Our winter weather this year has been wildly unpredictable this year. We've seen temperatures below 0F for the first time in 30 years, and streams that haven't seen significant icing since the loggers came 125 years ago were plunged into the deep freeze. On the other hand, the latest round of "polar vortex" brought us 18" of snow, followed immediately by temperatures in the 60s and 70s for several days in a row, resulting in a rapid and dramatic thaw. Work, weather and maintenance work aimed at fixing all the little incidental problems that crop up when a property gets hit by repeated waves of rapid cooling and heating have mostly kept me cooped up indoors, a less than satisfactory state of affairs, as far as I'm concerned.
I finally made my escape the other day, and headed deep into the hills in search of peace and trout.

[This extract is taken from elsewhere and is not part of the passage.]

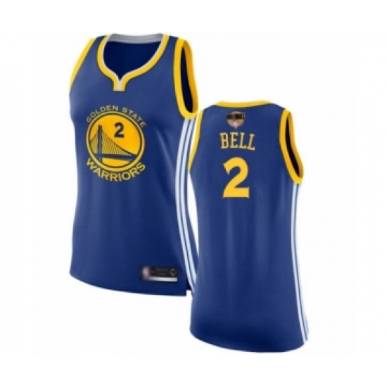 >Women's Golden State Warriors #2 Jordan Bell Swingman Royal Blue 2019 Basketball Finals Bound Basketball Jersey - Icon Edition

My initial destination was a lovely stream that plunges through a narrow gorge and can be reliably counted upon to provide decent fishing and superior solitude. Unfortunately, after hiking in to streamside, it was quickly apparent that the rapid thaw and an overnight thunderstorm had left the river a raging torrent howling for the blood of any angler foolish enough to try and wade it.
After some deliberation, I decided to hop over to another flow in the same drainage in search of wadeable water/ This creek has a wider, less channelized stream bed, and the stretch I hoped to target is situated further up the ridge line (hopefully upstream of the main bore of melt water). Here, I found a stream that, while still swollen and off-color, could be fished, so long as I was creative with my casting and willing to fish from some unusual places.

(I love to see things like this; faded regulatory signage is a reliable local indicator that a stream is rarely visited.)
Winter fishing is often a real hit or miss affair. The trout species present in the area tend toward torpor once water temperatures dip below 42F, as their digestive process becomes significantly less efficient at that point. The action was, not surprisingly, quite slow most of the day. Eventually, I came across a new deadfall, its skeletal limbs reaching down into a deep, slow hole, perfect habitat for a boss brown trout.